CBO's New Estimate Far Below What House GOP Needs For Farm Bill

CBO's New Estimate Far Below What House GOP Needs For Farm Bill

Russell Nemetz
Russell Nemetz
The Congressional Budget Office is sticking with a cost estimate for USDA’s Commodity Credit Corporation spending authority that is far lower than congressional Republicans need to fund their farm bill proposals.

CBO on Tuesday estimated that USDA’s use of its Section 5 authority under the CCC would total $12 billion from fiscal 2025 through 2034. In February, USDA estimated that it would spend $15 billion over that period.

Neither figure is anywhere close to the $50 billion or more the House Agriculture Committee has been counting on to fund commodity program increases in the farm bill the panel passed in May.

The new projections “prove what we have been saying all along: the House Republican farm bill is unpaid-for, relying on magic math and wishful thinking,” Senate Agriculture Committee Chairwoman Debbie Stabenow, D-Mich., said in a statement.

“In exchange for blocking USDA’s ability to provide real time assistance to farmers through the CCC to address emerging challenges, House Republicans received only a small fraction of the $50 billion hole they need to fill to pay for their bill," she said.

CBO has been using an even lower CCC savings estimate for the House Ag farm bill of about $8 billion. CBO is scoring the bill off of estimates issued in May 2023.
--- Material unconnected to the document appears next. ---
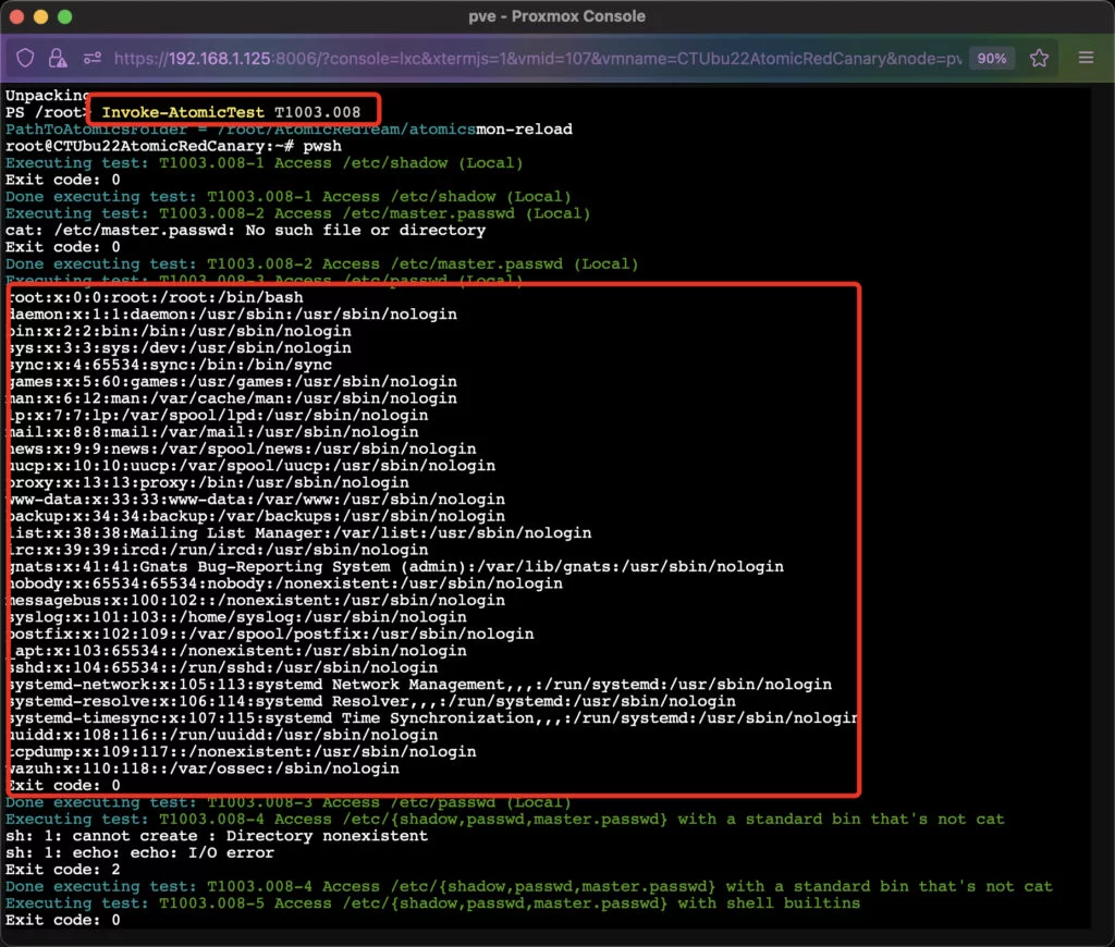 Invochiamo un test che corrisponde alla tecnica del MITRE T1003.008 : Credential Dumping . Proveremo quindi a dumpare /etc/shadow che contiene informazioni sulle password degli utenti del sistema. Ogni riga nel file rappresenta un account utente e ogni riga contiene nove campi separati da virgole.
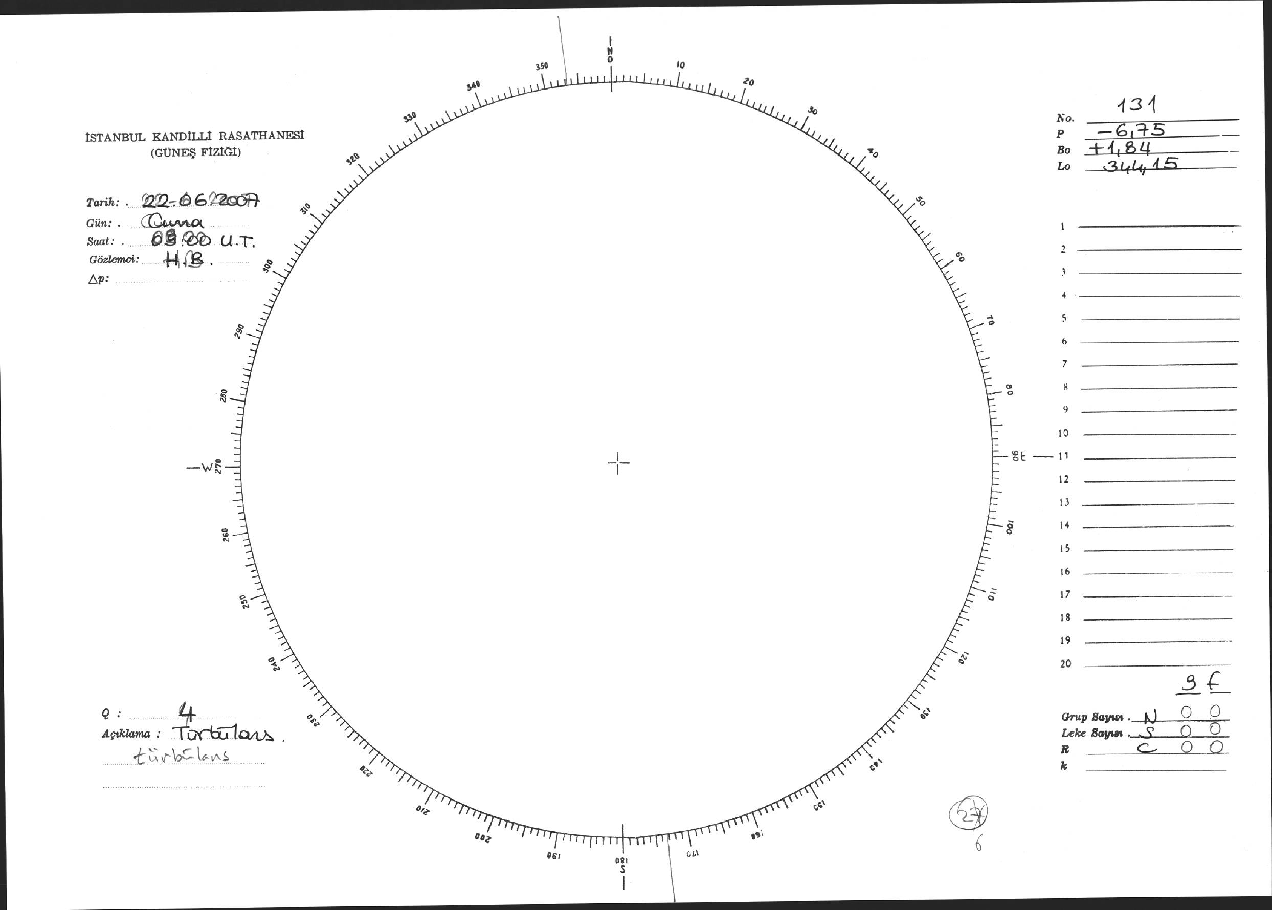 Güneş Lekesi Çizimi - 22.06.2007

Separately, CBO on Tuesday trimmed its cost projections for the Supplemental Nutrition Assistance Program even as it raised the forecast for the federal deficit.

CBO, which issues cost estimates for legislation that Congress is considering, including the farm bill, also revised its cost estimates for farm programs and significantly increased its estimate of how much money will be provided to farmers and ranchers for disaster assistance.

CBO raised the forecast for the federal budget deficit in fiscal 2024 to $1.9 trillion from the $1.6 trillion projected in February. Meanwhile, the federal debt is expected to total about 99% of gross domestic product (GDP) this year and grow to 122% of GDP by 2034.

CBO lowered the projected cost of SNAP by $7 billion this year and $59 billion from fiscal 2025-34, or about 5%. CBO said “recent data showed that actual average monthly benefits were lower than previously projected.”

CBO lowered slightly its cost estimates for some commodity program payments, but increased its projections for disaster assistance, according to an analysis provided to Agri-Pulse by Pat Westhoff, director of the University of Missouri’s Food and Agricultural Policy Institute.

The 10-year estimate for disaster aid was raised by $8.9 billion from the February forecast, according to Westhoff’s calculations. USDA is now expected to provide just under $20 billion in disaster aid from fiscal 2025 through 2034.

CBO raised its 10-year estimate for payments to rice producers but made small reductions for other major commodities, including corn, soybeans, wheat and cotton.

Economist says base update could increase land values

Regardless of what happens with the farm bill this year, both parties have offered proposals that would allow some farmers to get additional base acreage enrolled in commodity programs. Such proposals could get carried over until the next Congress, if further work on the farm bill gets delayed until then; the last base updates were in 2002 and 2014.

Depending on how a new base update would be enacted, it could have an impact on land values and cash rents, since new base acreage would be eligible for PLC and ARC payments.

The farm bill the House Agriculture Committee advanced in May would allow producers to obtain base for land that doesn’t have it now, but the total new base nationwide would be capped at 30 million acres. If acreage enrolled exceeds the cap, USDA would have to pro-rate the new base.

The top Republican on the Senate Ag Committee, John Boozman of Arkansas, released a farm bill framework June 12 that also would allow farmers to obtain new base acres, but the summary provides little detail of how it would be done. A summary released by Boozman says only that his plan would add “base acres for farms without base or minimal base and creates a mechanism to continue bringing new and beginning farmers into the safety net for years to come.”

A Boozman aide said some details were subject to negotiation but that he isn’t proposing an acreage cap like the House bill. The bill would allow new and beginning farmers to get base as existing base acreage is retired by USDA; the department is required to remove acreage from the commodity programs when the land is converted to non-agricultural uses.

Stabenow hasn’t detailed her proposal either, but it would clearly be the most limited of the three. Her section-by-section summary says her bill would provide “a limited opportunity for underserved producers that own or operate a farm to establish new base acres or add base acres if recent plantings exceed the existing base acres.”